Bu minik bilgi alışverişi tamamlandıktan sonra bağlantı kurulmuş demekti ve birbirimizi süzmeye başlıyorduk. Ben 179 cm boyunda, kaslı, geniş omuzlu ve güçlü denebilecek biriyim. Manken gibi şirin ve pürüzsüz bir vücuda sahip değilim belki ama kadınların dikkatini çekecek kadar kas ve six pack sahibiyim. Kendimi hiçbir zaman çekici bulmadım ama anladığım kadarıyla şu "hayvani çekicilik" denen şey sahiden bende var. Melis, feromonların da benden yana olduğunu ve güzel koktuğumu hep söylüyordu. Sebebi ne olursa olsun, kesin olan bir şey var ki, oyun başlarken çok nadiren reddediliyordum.

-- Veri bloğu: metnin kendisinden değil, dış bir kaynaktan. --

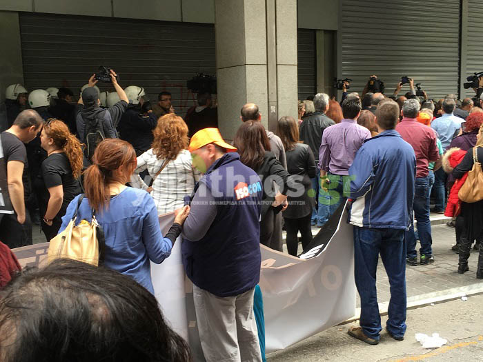 Με χημικά διέλυσαν οι αστυνομικές δυνάμεις την κινητοποίηση των εργαζομένων στα δημόσια νοσοκομεία, όταν αυτοί απαίτησαν έξω από το Υπουργείο Οικονομικών, να φύγουν τα ΜΑΤ από τη συγκέντρωση. Προηγουμένως οι εργαζόμενοι είχαν συγκεντρωθεί στο Υπουργείο Υγείας όπου διαμαρτυρήθηκαν ενάντια στα νέα ασφαλιστικά μέτρα.

Anlatılacak hikâyem çok. Üstelik oyunun en güzel yanlarından biri de buydu. Melis'le birlikte ertesi gün yemeğe çıkar, hikâyelerimizi paylaşırdık. Bazen konuşurken öylesine şehvete kapılıyorduk ki kendimizi kampüse yakın evime atıyor, öğleden sonraki derslerden önce doyuma ulaşıyorduk. Birbirimizi bütün gün beklettiğimiz de oluyordu bazen.

Yarattığı heyecandan ve şaşkınlığımdan olacak, ilk oyunum en iyilerinden biriydi. Ya yanlış bir kıza ilişirsem? Ya Melis çirkinin birini seçtiyse? Ya kız hayatımda gördüğüm en sıkıcı insan çıkarsa? Hâlâ oyunun kötü bir fikir olabileceğinden endişeleniyordum ama yabancı bir kadınla takıntısız bir şekilde sevişebilme olasılığı reddedilemeyecek bir şeydi.

O salı akşamı, midemde kelebekler uçuşur bir şekilde Kırık Kupa'ya adımımı attım. Yanlış anlamayın, kendime güvenim epey yüksektir ve risk almaktan da çekinmem ama o gece bir yabancıyla sevişeceğimi bilmek fazlasıyla heyecan vericiydi! Bar bankosunun sonuna doğru yürüdüm ve ufak kalabalığı gözlerimle taramaya başladım. Barda kırmızı giyen bir kadından eser yoktu. Bir bira söyledim ve cebimdeki naneli şekerleri kontrol ettikten sonra kalabalığı izlemeye başladım. İnsanları izlemek vakit kaybı gibi görünebilir ama harcanacak vaktiniz varsa eğlenceli de olabilir.

Aşağı yukarı 15 dakika beklemiştim ki içeri girdi. Kapı kapandığı anda gördüm kırmızı bluzunu ve broşun ışıltısını. 170 cm boylarındaydı, ortalama bir bele sahipti ve koyu kahverengi saçları vardı. Mavi bir kot pantolon ve görebildiğim kadarıyla siyah bot giyiyordu. Biraz uzakta olsam bile endamının hayranlık uyandırdığını görebiliyordum. Kız bar bankosuna yaklaştıkça yürüyüşünü ve göğüslerinin hareketini izledim.